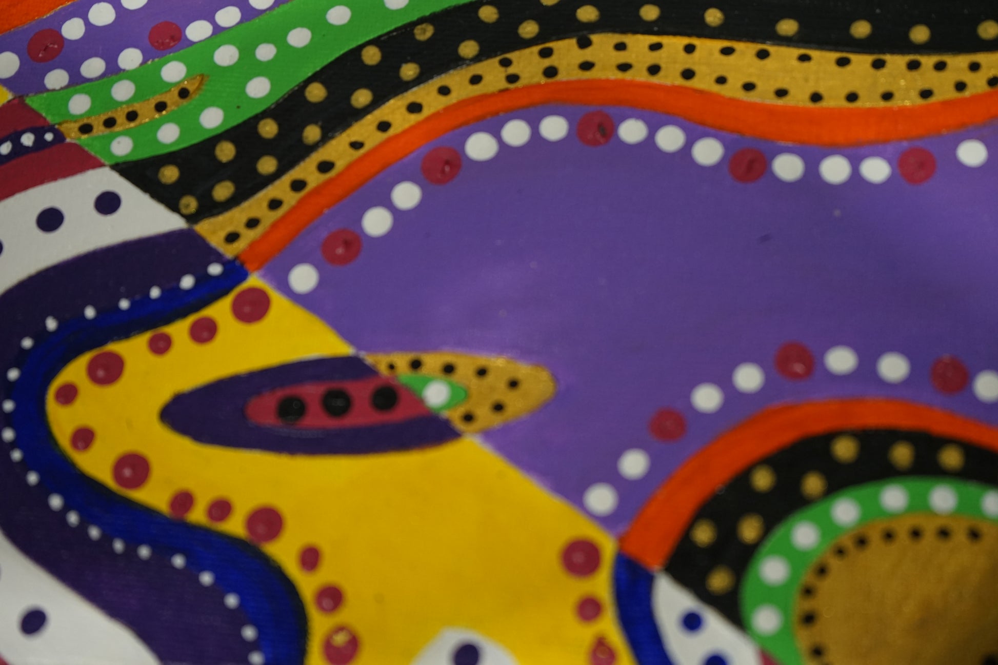 Bring some excitement into your space with this bright and vividly colored obtuse scalene triangle artwork. The swirling pattern of organic shapes mimics Indigenous Australian dot painting styles, and is divided into winding amoeba-like sections, each painted in bold tones.
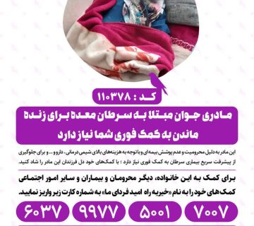 مادری جوان مبتلا به سرطان معده برای زنده ماندن به کمک فوری شما نیاز داردAdminفوریه 9, 2026این مادر به دلیل محرومیت و عدم پوشش بیمهای و با توجه به هزینههای بالای شیمیدرمانی،دارو و.. و برای جلوگیری ... ادامه مطلب
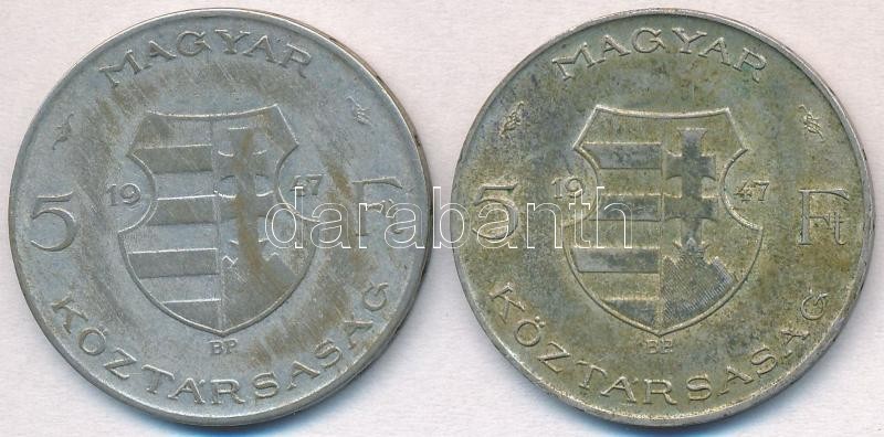 Leírás: 1947. 5Ft Ag "Kossuth" (2x) T:2-,3 patina
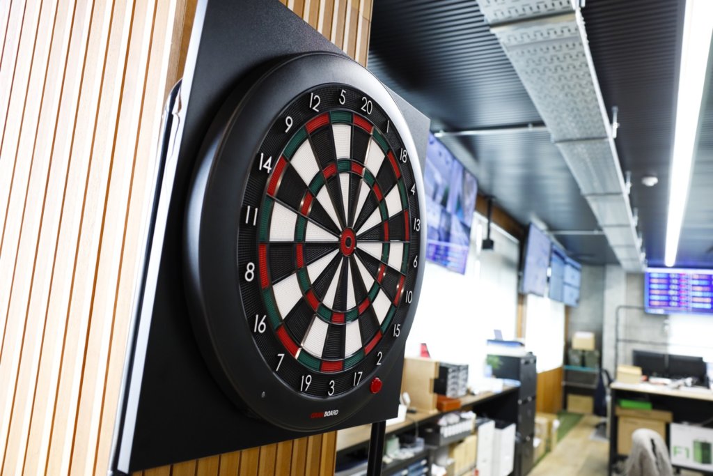 天井は美術館の屋根などに使われる高級ガリバリウム鋼板、壁は石板。モノトーンの空間に、遊び心たっぷりのカラフルなグッズ。マジンガーZ、ダーツ、ヤノベケンジ、ミャクミャク等、さまざまなキャラクターが遊び心を添える。

* **REQUIRED ACTION**
Give back each line above exactly, with pictures dropped.

* **TASK SOLUTION**
 Bring some excitement into your space with this bright and vividly colored obtuse scalene triangle artwork. The swirling pattern of organic shapes mimics Indigenous Australian dot painting styles, and is divided into winding amoeba-like sections, each painted in bold tones.
 مادری جوان مبتلا به سرطان معده برای زنده ماندن به کمک فوری شما نیاز داردAdminفوریه 9, 2026این مادر به دلیل محرومیت و عدم پوشش بیمهای و با توجه به هزینههای بالای شیمیدرمانی،دارو و.. و برای جلوگیری ... ادامه مطلب
 Leírás: 1947. 5Ft Ag "Kossuth" (2x) T:2-,3 patina
 天井は美術館の屋根などに使われる高級ガリバリウム鋼板、壁は石板。モノトーンの空間に、遊び心たっぷりのカラフルなグッズ。マジンガーZ、ダーツ、ヤノベケンジ、ミャクミャク等、さまざまなキャラクターが遊び心を添える。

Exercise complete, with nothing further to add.